- Born: 1947 (age 78–79) East Hartford, CT, United States
- Education: University of Connecticut Pratt Institute
- Occupation: Photographer
- Years active: 1998–present
- Spouse: Tom Tuft ​(m. 1971)​
- Children: 3
- Website: dianetuft.com

= Diane Tuft =

American photographer

Diane Tuft (born 1947) is an American photographer focusing on nature and landscape photography, documenting the effects of the environment on the Earth's landscape. She is based in New York City.

==Early life and education==
Tuft was born and raised in East Hartford, Connecticut. She graduated from the University of Connecticut with a degree in mathematics. After graduating, she moved to New York City to work as an actuarial assistant. She later held jobs with the Burroughs Corporation and Computer Design Corporation. During this time, she studied photography at The New School and the International Center of Photography. Tuft married in 1971 and while raising a family studied art at Pratt Institute in Brooklyn from 1981 to 1989.

==Career==
===Unseen and other work (1998–2011)===
Tuft began her work in 1998 with images of snow and ice in Aspen, Colorado. There she first experimented with infrared film, where the photos could capture the infrared light waves that were reflected and refracted on the landscape, which are beyond the human visible spectrum. These photographs would become platinum prints, and resulted in her first solo exhibition, Distillations, at Hollis Taggart Galleries in New York City in 1999. She continued to photograph outside the visible spectrum, focusing on the visual effects of ultraviolet light waves on the Earth's landscape. Tuft began traveling to ozone-depleted areas where larger amounts of ultraviolet light reach the Earth. This led to an interest in climate change and other environmental issues. She began photographing the Arctic landscape in 2001, and has said that an aim of her work is to demonstrate the realities of global warming and its effect on the Earth. She often documents icy landscapes through aerial photography in order to capture "the sculptural qualities of frozen water." She typically zooms in to the landscape to the point of abstraction, framing shots without a sense of scale. In 2008, Tuft published her first monograph, Unseen: Beyond the Visible Spectrum, a retrospective of her photographs between the years 1998 and 2007, featuring the American West, Nepal, North Africa, Iceland and Greenland.

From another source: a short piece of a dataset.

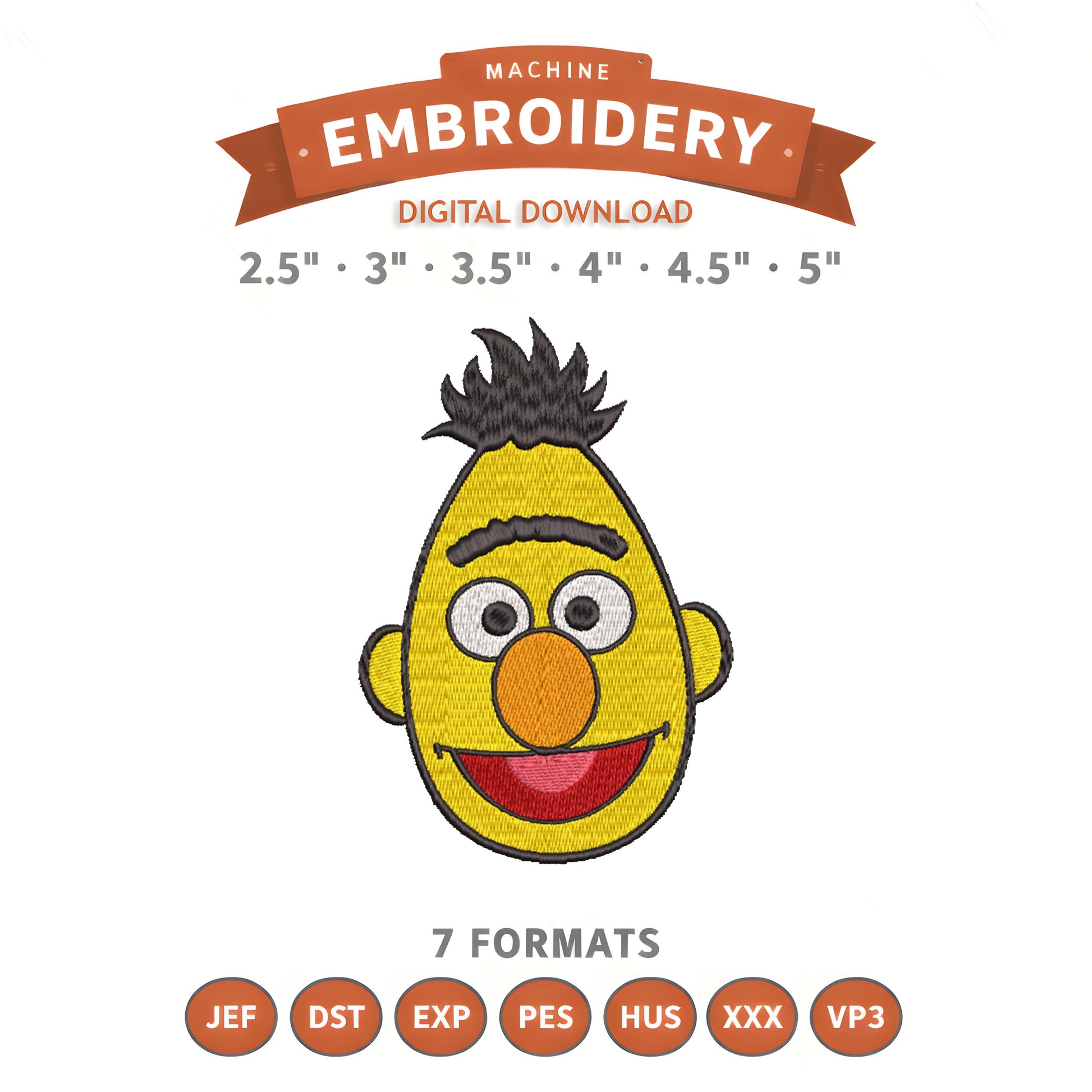 Bert Sesame Street Embroidery Design File | Digital Download | 6 Sizes & 7 Formats Included
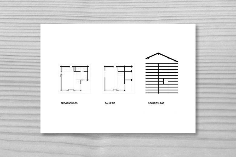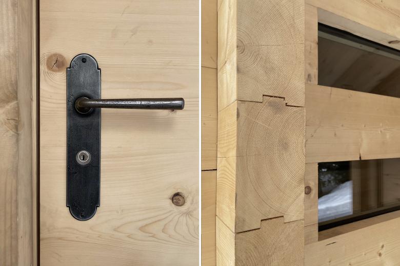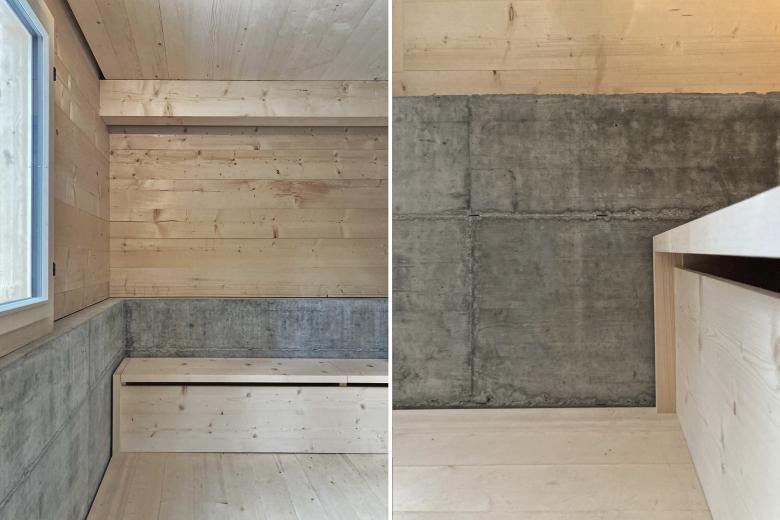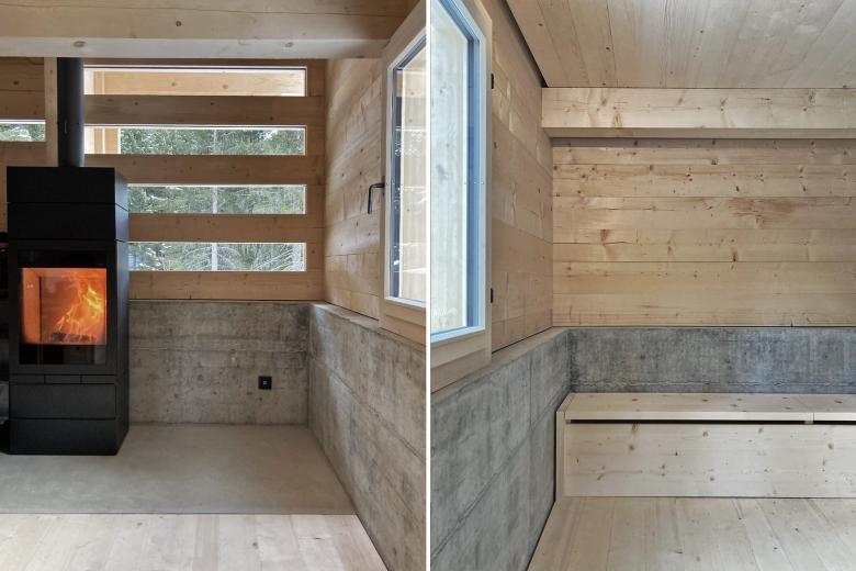 Das Holz dafür kommt vom gegenüberliegenden Nordhang welcher sich in Sichtdistanz zum Bauplatz befindet. Der Holzbau ruht auf einem Sockel aus rauhem Sichtbeton, welcher als wasserdichte Wanne ausgebildet wurde um den Hangdruck und dem im Winter meterhohen Schnee bestehen zu können. Boden und Dach sind gedämmt, die Wände sind bewusst nicht zusätzlich isoliert um das Material in seiner natürlichen Oberfläche altern zu lassen. Die Quelle welche ca. 200 Meter über dem Grundstück gefasst wurde, versorgt die Hütte mit frischen Quellwasser, Strom wird durch ein PV Modul auf dem Dach erzeugt.

The foreword was written by William Fox, director of the Center for Art and Environment at the Nevada Museum of Art.

In 2006, Tuft created a room-size installation, Internal Reflection, which combined sculpture, light, sound and photography. It was exhibited at the Katonah Museum of Art in New York City and at Art LA in Santa Monica, California. Her 2008 series Salt Lake Reconsidered, exhibited at Ameringer & Yohe Fine Art in New York City and the Kimball Art Center in Park City, Utah, featured aerial photographs of the Great Salt Lake. Tuft's photographic series Icelandic Glaciers in 2001 and Icelandic Sagas in 2008 document the change of Iceland's glaciers due to climate change. In 2010, Tuft revisited Iceland, creating her series Aftermath, a collection of aerial photographs of the center of Iceland and Eyjafjallajökull's eruption.

===Gondwana (2012–14)===
Tuft received a 2012 National Science Foundation grant to explore the visual effects of ozone depletion on Antarctica's landscape. In October 2012, she traveled to Antarctica, living at McMurdo Station for six weeks. The resulting images collected in her 2014 book Gondwana: Images of an Ancient Land focused on the effects that the harsh environment of Antarctica had on shaping its landscape. These images include the meromictic lakes in the dry valleys of Antarctica, where millions of years of gasses have been trapped in the ice, volcanic gas formations, glacial striations that record millions of years of snow accumulation, and ventifacts formed by ongoing intense winds. The book's foreword was written by Elisabeth Sussman, curator of photography at the Whitney Museum of American Art.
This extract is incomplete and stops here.